The entry port 280 is also coupled to a remote plasma source 282.
The remote plasma source 282 may provide a cleaning agent, such as
disassociated fluorine, that is introduced into the processing
chamber 202 to remove deposition by-products and films from
processing chamber hardware.
[0024] A vaporizer 252 may be located between the precursor source
204 and the chamber 202 for vaporizing a liquid precursor, such as
a liquid silicon-containing precursor, before it is introduced into
the chamber. It is believed that embodiments of the invention are
particularly advantageous for deposition processes that use a
liquid precursor, such as TEOS, as the clogging or bubbling around
the liquid flow controller 254 may contribute to an unstable gas
flow into the chamber that may result in substrate-to-substrate
non-uniformity after a chamber idle period.
[0025] A controller 270 is also connected to the chamber. The
controller 270 contains a computer storage medium 272 that contains
a software routine comprising instructions for performing different
processes in the chamber.
[0026] Returning to FIG. 1, after the film is deposited on the
substrate, the flow of the precursor into the chamber is
terminated, as shown in step 104. The substrate is then removed
from the chamber, as shown in step 106. Then, if a period of time
after the termination of the flow of the precursor elapses without
another substrate being processed in the chamber, at a
predetermined time, another flow of the precursor is introduced
into the chamber, as shown in step 108. The predetermined time may
be about an hour after the termination of the flow of the
silicon-containing precursor, for example. However, other
predetermined times indicating a chamber idle period may be chosen.

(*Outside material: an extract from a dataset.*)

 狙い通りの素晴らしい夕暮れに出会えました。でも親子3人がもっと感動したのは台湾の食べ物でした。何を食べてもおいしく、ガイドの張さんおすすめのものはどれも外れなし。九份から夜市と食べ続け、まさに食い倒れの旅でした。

The predetermined time is typically entered by a user into a
software routine that includes instructions for controlling the
chamber.
[0027] The precursor may be introduced into the chamber at a flow
rate of between about 0.25 sccm/L and about 150 sccm/L (e.g.,
between about 50 sccm and about 30000 sccm for a chamber having a
volume of about 200 L), for example. The flow rates may be adjusted
accordingly for chambers of other sizes. The flow of the precursor
may be continued for a period of time, such as between about 100
seconds and about 7200 seconds, without processing a substrate in
the chamber, as shown in step 110. The flow of the precursor is
then terminated, as shown in step 112. Typically, the supply line
that delivers the precursor to the chamber is then purged, such as
by flowing a nitrogen gas (N.sub.2) or an inert gas through the
line.
[0028] If after the flow of the precursor is terminated in step
112, another period of time elapses without another substrate being
processed in the chamber, at a predetermined time indicating a
chamber idle period, another flow of the precursor may be
introduced into the chamber. The flow of the precursor is then
terminated, and the supply line that delivers the precursor to the
chamber may then be purged as described above. In one aspect, after
each period of time of a predetermined length elapses without
another substrate being processed in the chamber, a flow of the
precursor may be introduced into the chamber. The predetermined
time at which the flow of the precursor is introduced into the
chamber may be the same for each introduction of the precursor or
different.
[0029] It has been observed that periodically introducing TEOS into
a chamber, as described according to embodiments of the invention,
reduced the deviation of the actual TEOS flow into a chamber per
unit time from the expected TEOS flow into the chamber per unit
time to a value of 2.1% compared to a value of 5.3% that was
obtained when TEOS was not flowed periodically into the chamber
during chamber idle periods between the processing of
substrates.
[0030] Further embodiments of the invention will be described with
respect to FIG. 3. A first flow of a precursor vaporized from a
liquid source is introduced into a chamber, and a first film is
deposited on a first substrate in the chamber, as summarized in
step 302. The first film may be deposited by a vapor deposition
process, such as chemical vapor deposition. The precursor and the
film may be any of the precursors and films, respectively,
described above with respect to FIG. 1.
[0031] In an embodiment in which the precursor is TEOS, the TEOS
may be introduced into the chamber at a flow rate of between about
0.5 sccm/L and about 11.5 sccm/L, such as between about 1 sccm/L
and about 1.5 sccm/L (e.g., between about 100 sccm and about 2300
sccm, such as between about 200 sccm and about 300 sccm, for a
chamber having a volume of about 200 L). An inert gas, such as
helium or argon, may also be introduced into the chamber as a
carrier gas. The chamber pressure during the deposition may be
between about 0.5 Torr and about 3 Torr, and the substrate
temperature during the deposition may be between about 150.degree.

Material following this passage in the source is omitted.